死亡事故の場合、脊髄損傷や遷延性意識障害などの重度後遺障害の場合とかなり状況が異なります。
重度後遺障害の場合は、基本的に事故の直後には弁護士があまり関与する事はないのですが、死亡事故の場合は逆に事故の直後が大切です。
まず最初に検討すべきことは、加害者を刑事告訴するかどうかという点です。
裁判をして刑事告訴の手続きをするかどうか・・・
死亡事故の場合は、加害者を刑事告訴するかどうかを検討する必要があります。
ご遺族の方のお気持ちによって、弁護士は刑事告訴の手続きを行うことができます。
もちろん遺族の方が刑事告訴されなくても、加害者は処罰され、一定の刑が与えられます。
しかし刑事告訴の手続きをとると、警察の方が被害者に対してより親切になる可能性があります。
「事件の実際のところはどうだったのか」ということを知りたい場合は、刑事告訴をされた方がよいでしょう。

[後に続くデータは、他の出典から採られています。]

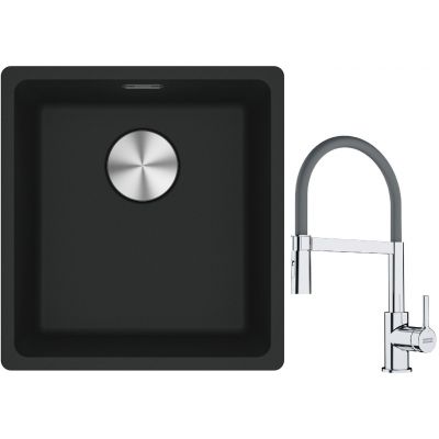 Franke Maris MRG 110-37 zlewozmywak 40x37 cm Fragranite czarny mat z baterią kuchenną Lina chrom/szary (1250687248, 1150626087)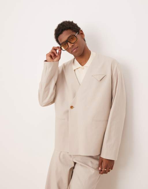 ASOS DESIGN – Kragenlose, kastige Anzugjacke in Steinbeige mit Leinenanteil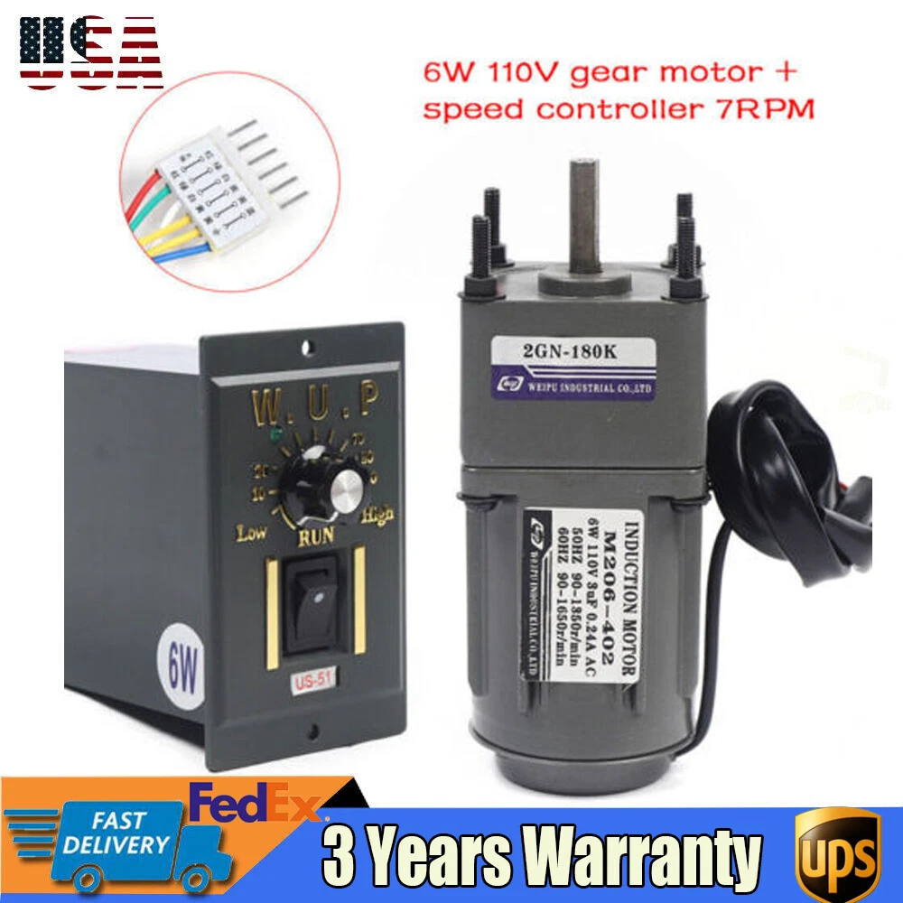6W AC110V gear motor electric motor variable speed controller 1:180 7RPM Specification: l Name: geared motor l Rated voltage: AC110 V l Rated speed: 7.5RPM/MIN l Reduction ratio: 1:180180K l Power Phase: single-phase l 6W geared motor88mm*60mm*50mm l Reducer size: 43mm*60mm*50mm l 6W gear motor Output speed: 7.5~0RPM Highlights: l Flexible installation l Efficient works l Torque large l Smooth operation l Long working life Note: 1. Under different deceleration ratio, the output shaft speed is different. The output shaft speed is equal to the motor speed of 1350 rpm divided by the deceleration ratio. 2. If you want to know the detailed product size before purchase, please ask our customer service for it. Packages: 1 * Gear Motor 1 * Speed Governor 1 * reducer Not 110V AC Electric Gear Motor & Variable Speed Reduction Controller 1:180 7.5RPM Description 6W AC110V gear motor electric motor variable speed controller 1:180 7RPM Specification: l Name: geared motor l Rated voltage: AC110 V l Rated speed: 7.5RPM/MIN l Reduction ratio: 1:180180K l Power Phase: single-phase l 6W geared motor88mm*60mm*50mm l Reducer size: 43mm*60mm*50mm l 6W gear motor Output speed: 7.5~0RPM Highlights: l Flexible installation l Efficient works l Torque large l Smooth operation l Long working life Note: 1. Under different deceleration ratio, the output shaft speed is different. The output shaft speed is equal to the motor speed of 1350 rpm divided by the deceleration ratio. 2. If you want to know the detailed product size before purchase, please ask our customer service for it. Packages: 1 * Gear Motor 1 * Speed Governor 1 * reducer NoteBased on the industrial standard, to meet different needs of customers, our motor does not include the power cord, you need to purchase the power cord to connect. Welcome to yujuanwangluo~ π If you have any question , please contact us , and we will reply you as soon as possible. Thanks!!! Welcome to yujuanwangluo~ π If you have any question , please contact us , and we will reply you as soon as possible. Thanks!!! Welcome to yujuanwangluo ~ π If you have any question , please contact us , and we will reply you as soon as possible. Thanks!!! Payment Delivery details Terms of sales About us Contact us Payment We accept ebay payment γ Fees such as import duties, taxes are not included in the item price or shipping costs. These charges are the buyer's responsibility. Delivery details Shipping: 2-9 working days to: USA Terms of sales We maintain high standards of excellence and strive for hundred percent customer satisfaction. Feedback is very important to us. We hope that you contact us immediately before you give neutral or negative feedback, so that we can address your concerns. It is impossible to address issues if we do not know about them! About us Your satis faction is our ultimate goal. We work hard to earn your trust and future business. Our certified technicians have tested each item before shipping. The unit comes with 1 year limited warranty on all manufacturing defects. a) If you receive a defective item, you may return it or ask for a discount. Please contact us within 14 days after you receive the package. b) What you returned must be intact and in its original packaging as re? u. Customer is responsible for shipping costs of the returned item. c) We will cover the cost of shipping back t with the shipping rate indicated in the registration page. We will send you a new unit or refund the full payment you paid. Thank you. Contact us Business Hour Business Hour: Monday To Friday: 8:30 AM to 5:00 PM (Beijing China time) Due to time zones, our reply to your questions may not be immediately. But within above working time, we will reply your email within 24 hours. If it's non-workdays, please kindly be patient and wait till Monday. Please contact us with ebay message. Please feel free to contact us if you have any questions. Monday To Friday: 8:30 AM to 5:00 PM (Beijing China time) Due to time zones, our reply to your questions may not be immediately. But within above working time, we will reply your email within 24 hours. If it's non-workdays, please kindly be patient and wait till Monday. Please contact us with ebay message. Please feel free to contact us if you have any questions. On Dec 18, 2024 at 18:47:07 PST, seller added the following information: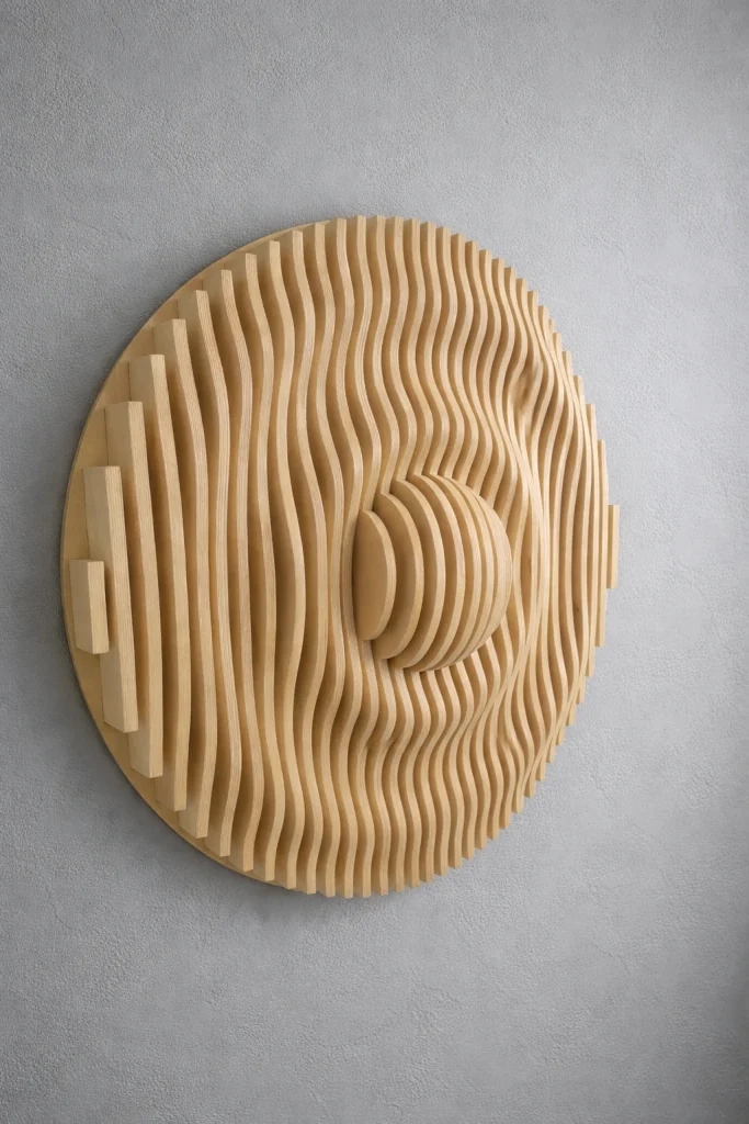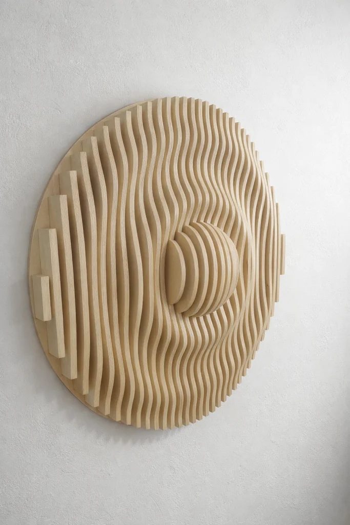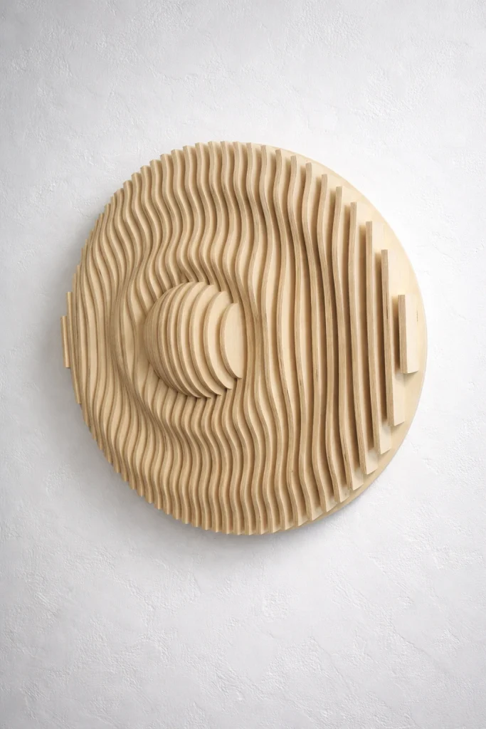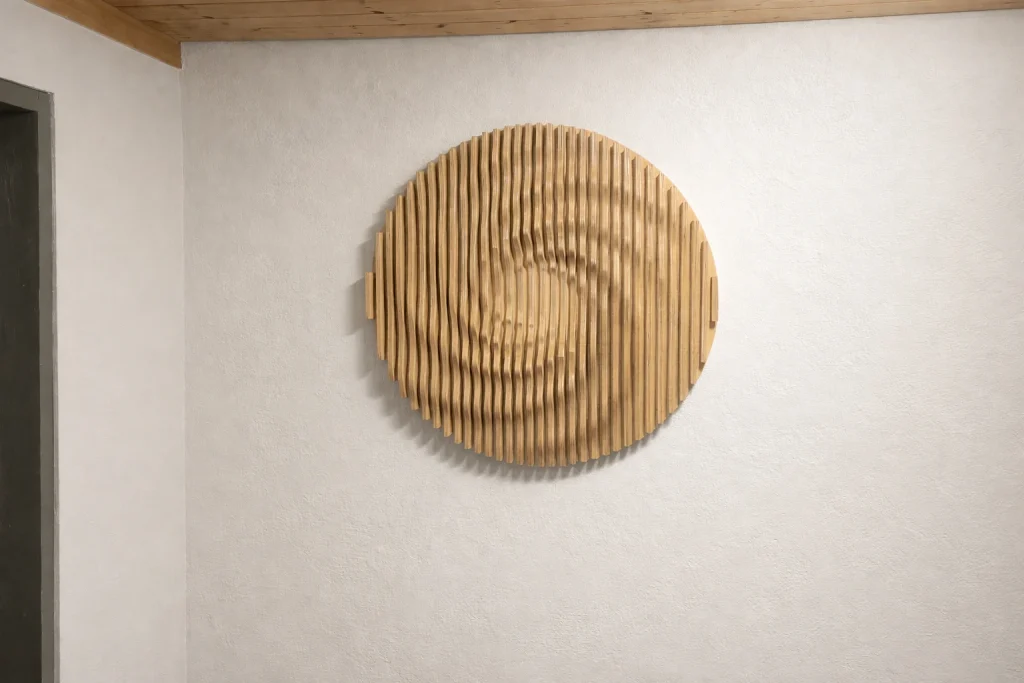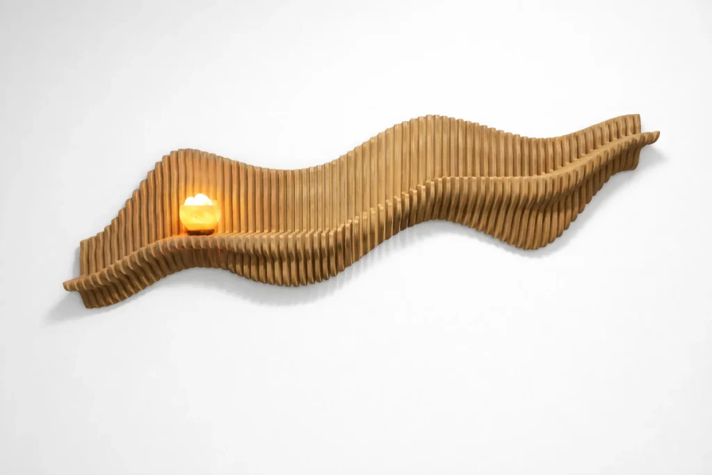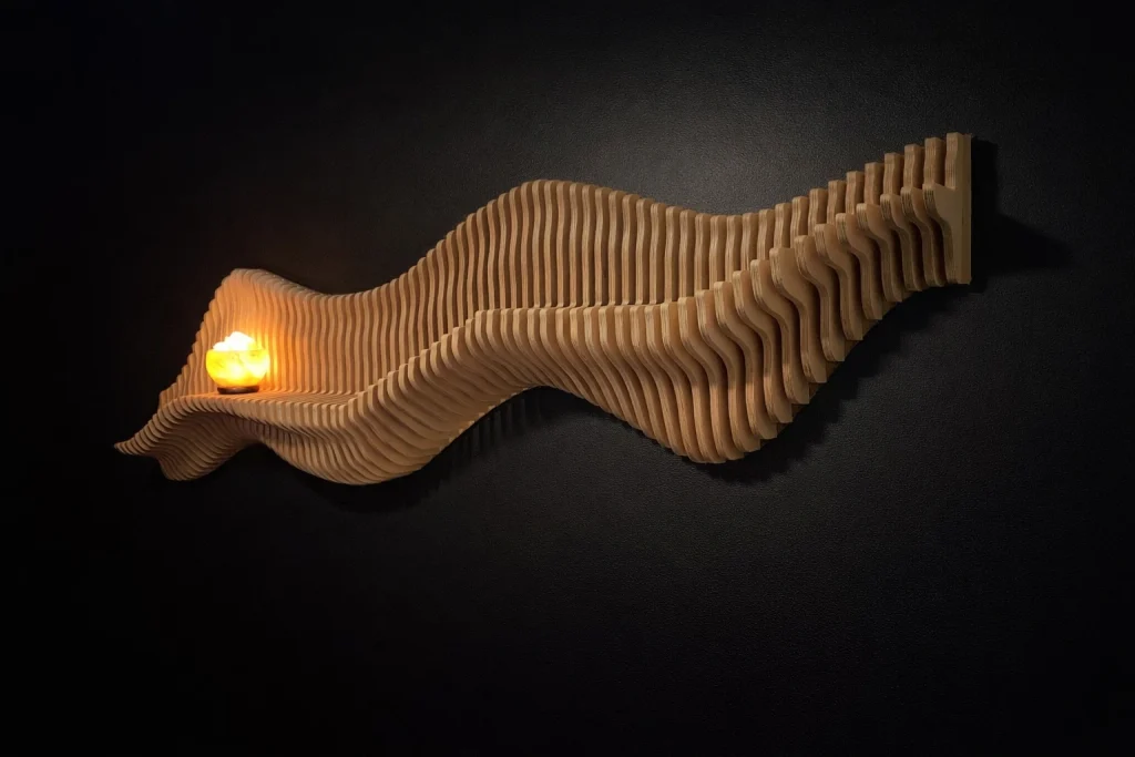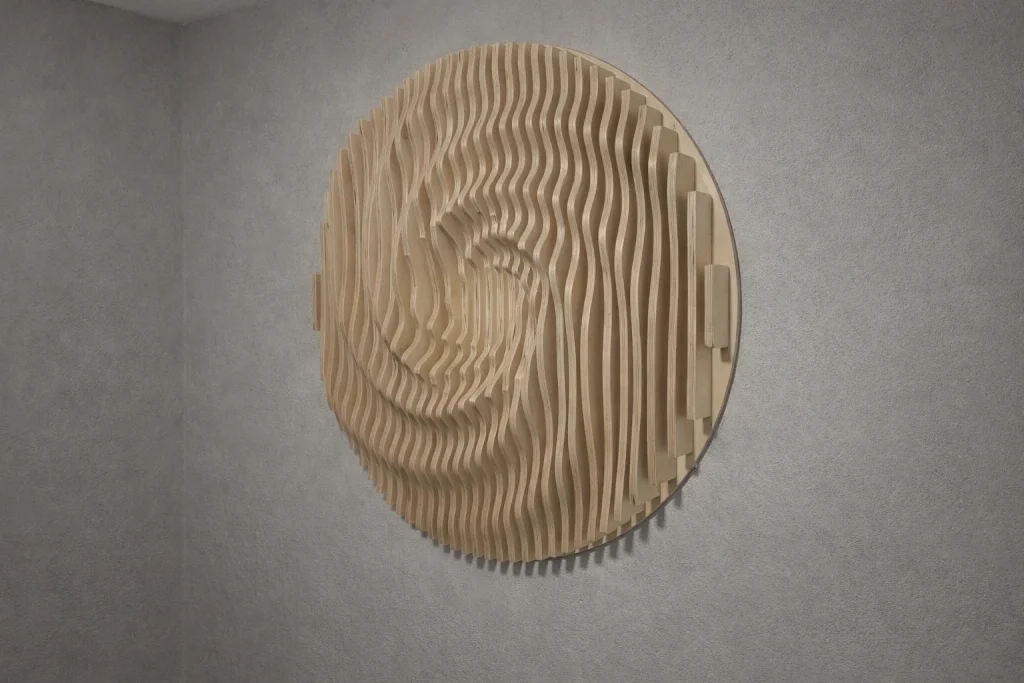 Muodon, valon ja varjojen veistämä seinäteos tekee tilasta kiinnostavan – ja toimii samalla akustisena elementtinä. Valitse valmis malli tai toteutetaan teos sinun mittojen ja pintakäsittelyn mukaan.

刑事告訴を希望される方は、プロの弁護士が力にならせていただきますので、ご相談ください。
裁判では逸失利益が損害賠償額の分かれ目に
死亡事故の損害賠償のポイントとなってくるのは逸失利益の金額です。
逸失利益というのは、「死亡事故があったことによって将来的に本来その人が稼ぐべきであった金額」を意味しています。
その評価というのが、かなり大きく問題になってきます。
特に、被害に合われた方が主婦の場合や、学生の場合には、保険会社が逸失利益を安く見積もろうとすることがあるので注意が必要です。
1.被害者の方が主婦の場合でよくある例
保険会社が「主婦だから働いていないので、給料がないので、将来給料を貰う事もないので、逸失利益はないですよ」と主張することがあります。
しかし、現実は違います。現在の裁判例では、「主婦は家事をしているため、家事労働分の逸失利益がある。家事を他人にお願いしたら結構月に10~20万かかる。本来それくらいの仕事をしているわけだから、主婦にも逸失利益は存在する」と主張できるわけです。
ただし、それをどのように評価するのかという問題はあります。
主婦の場合、全学歴、全年齢平均という統計資料を使用します。
中学校卒、高校卒、大学卒、それぞれの学歴ごとに、平均的な賃金を算出していきます。
この計算によると、主婦の年収は350万円くらいになりますので、逸失利益を諦める必要はまったくないと言えます。
2.被害者の方が大学生や若い方の場合
たしかに大学生である間は給料はないわけですが、近い将来働くことになりますので、そこを計算に入れる必要があります。
大学生であれば、大学卒の平均賃金をもとに生涯の平均賃金が算出できます。
大学生だから賃金がないというわけでは決してないのです。
これは大学を卒業したての若い方、概ね20代くらいの方についても同じようなことが言えます。
若い方の場合、一般的には賃金がまだ高くない事が多いです。しかしその方が50代になった場合は、収入が増える可能性が高いです。ですから、20代の死亡時の給料で逸失利益を計算するとなると、かなり不合理な結果になります。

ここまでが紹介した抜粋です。